舒晚睡著了,她沒聽見易沉瀾無聲的喚她「晚晚」,也沒看見他眼角晶瑩溫熱的淚痕。
到了此刻,易沉瀾才終於虔誠無比的感激上蒼,他兩世為人,也冷眼相待鬼神與天命,現在卻怯懦膽小的守著自己來之不易的珍寶,無聲的對世間說著謝謝。
……
第二天舒晚醒來時,便看見易沉瀾不知何時已經睜開的了眼,正目不轉睛的望著她。
他眼角眉梢俱是笑意,越發顯得俊美無雙,一頭墨發披散著,雖然其中夾雜著根根銀絲,卻並不折損他的美貌,平添了深邃與沉穩。
他身後到處是大紅的錦緞,映的清晨的屋內亮堂堂的,給他也增了一分鮮活的喜色。
舒晚動了動,微微蹙了下眉,什麼也沒說,只將毛茸茸的小腦袋靠在易沉瀾懷裡蹭了蹭。
易沉瀾一陣塌心,撫了撫舒晚的臉龐柔聲道:「晚晚,時辰還早,你再睡一會。」
舒晚想了想,小聲問道:「阿瀾哥哥,我們不去給宋師叔和周師叔敬茶麼?」
昨夜舒晚「師兄」「哥哥」叫了一夜,這會會有點沒反應過來,易沉瀾聽得眉心一跳,俯身壓過去低啞著嗓音道:「不用,這麼早帶你過去,他們該覺得我不疼你。」
舒晚剛剛還覺得早上醒來後的易沉瀾又恢復了往日的溫柔,和昨晚完全不一樣,卻很快見識到,她還是高興的太早了。

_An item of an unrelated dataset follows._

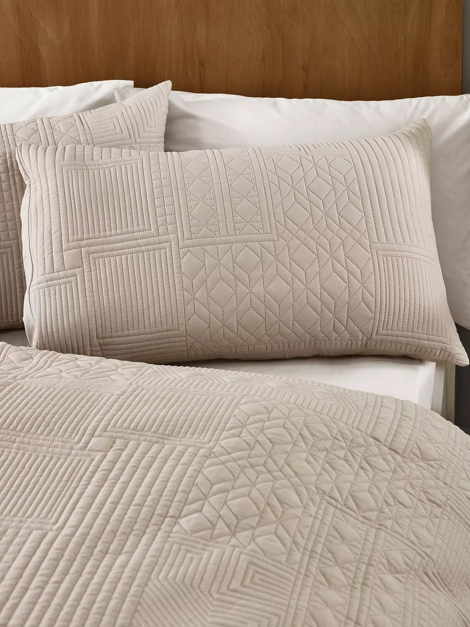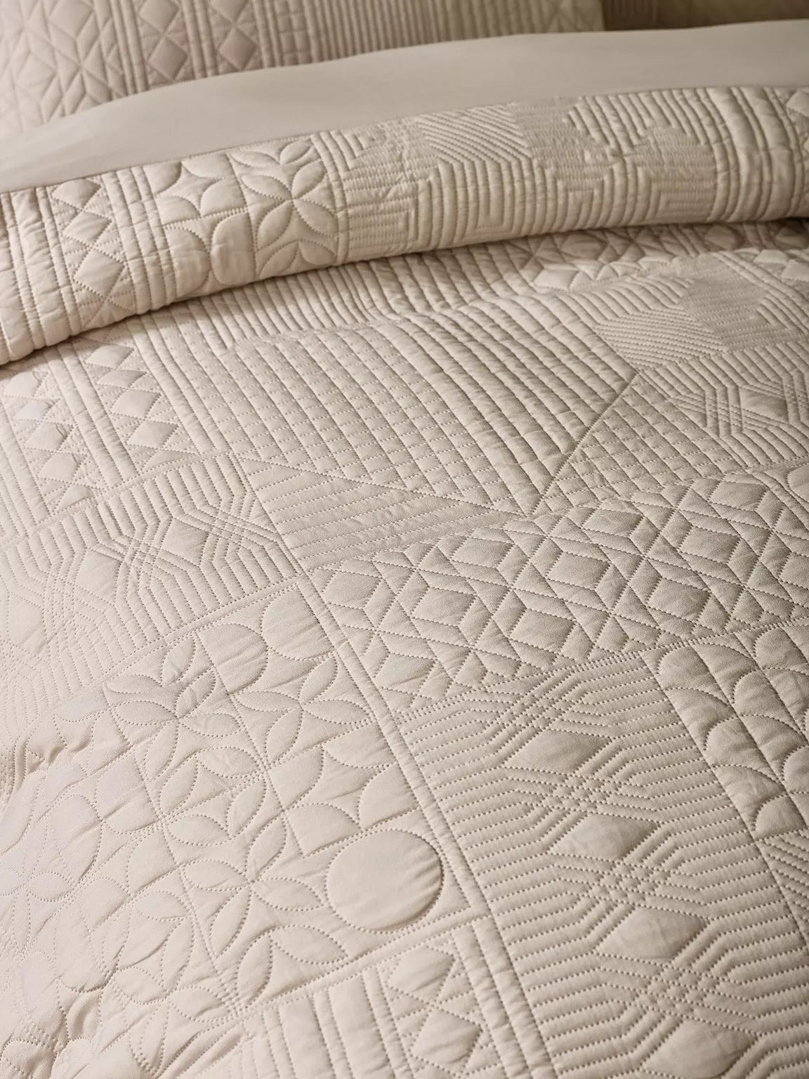 In a versatile natural colourway, it uses pinsonic stitching to create a geometric, patchwork-inspired visual. Overlapping squares sit alongside diamonds and stripes, and it’s backed by a smooth and soft reverse, so you’ll love immersing yourself in the comfort it provides after a long day.
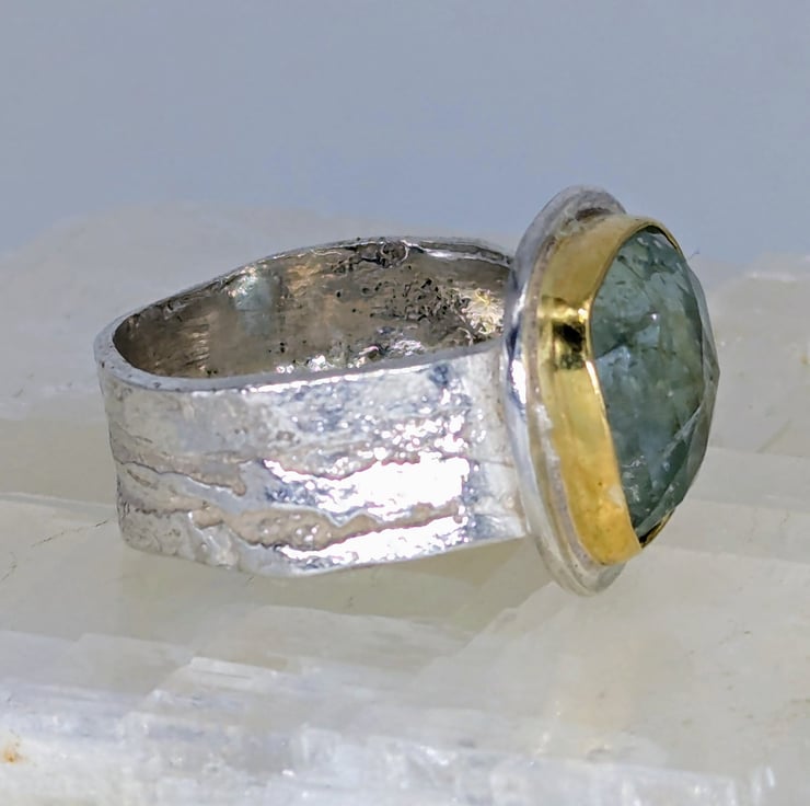 This size O 1/2 ring has been hand crafted in recycled sterling and gold with an ethically sourced aquamarine freeform stone. Because of the way I source my gemstones and the process of reticulation and acid etching each piece is unique. This stone is heat sensitive and unfortunately can't be resized.

最後易沉瀾抱著舒晚去沐浴,舒晚在浴桶里沒什麼威懾力的瞪他,一直到易沉瀾幫她把衣衫穿好,舒晚才自己撐不住笑了,伸手去捏易沉瀾高挺的鼻樑:
「阿瀾哥哥,你喜歡我叫你師兄,還是哥哥?
昨天師兄背我上了花轎,把我嫁出去了,以後是不是該換個稱呼?」
易沉瀾含笑將她調皮的手攏在手心裡,看著她瑩潤細白的手腕上淡淡的指印,語氣低緩:「晚晚,對不住啊,昨夜我失了輕重,我去給你拿藥。」
「哎呀不用,一點也不疼,」舒晚抓著易沉瀾的手不讓他走,「你還沒回答我的問題呢。」
「都可以,你喜歡什麼就喚我什麼,」易沉瀾將舒晚溫熱的小手抵在唇邊吻了吻,眼睛裡是毫不掩飾的喜愛與獨占欲,「不管叫什麼,我都是你夫君。」
……
敬茶的時候,宋安之眼眶都紅了,他太過激動,接茶盞的手都在抖。
看著易沉瀾和舒晚兩個人跪在他面前向他請安的畫面,宋安之一連說了好幾個「好」,終於轉身去拭淚。
相比之下,周遠就淡定許多了,他接過兩人奉上的茶,先是看著易沉瀾道:「阿瀾,晚晚交給你了,你以後一定要好好對待她。
知道麼?」
易沉瀾的語氣十分鄭重,眼神堅定的就像是在許下什麼生死之諾,「周師叔,您放心吧。
晚晚是我妻子,我捨不得不待她好。」
舒晚淺淺一笑,又聽周遠對著她說道,「晚晚,你以後也要好好照顧阿瀾。
我們所有人……和這世間,都虧欠他良多,以後就全託付給你了。」
「周師叔,我知道的,」舒晚看了一眼易沉瀾,黑白分明的眼睛中滿是明亮的笑意,「都過去了,我不會再讓阿瀾師兄難過。」
雪夜山里新設了祠堂,裡面供奉了江玄風夫婦和大師兄的牌位。
祠堂剛落成的時候,方南丹就覺得發愁,他們老山主在天有靈,看見自己山頭裡供上了江玄風的牌位,不知會作何感想。
好說歹說,可算是把易衡的牌位也放上面了。
怎麼說他們也有點父子緣分,畢竟易沉瀾也沒有改姓,也算是易衡的兒子。
易沉瀾和舒晚向宋安之周遠兩人敬過茶後,他們就來到了祠堂里給父母磕頭上香。
易沉瀾跪過江玄風很多次,在他生辰時,在江玄風忌日時,更多的是在舒戚稍有不順心時。
他每每跪在江玄風牌位之下時,都能感覺無盡的屈辱與滿心的戾氣。
唯有那次舒晚忽然跪在他的身邊,幫他解圍,笑容溫暖的拉他起來,他第一次感覺茫然無措。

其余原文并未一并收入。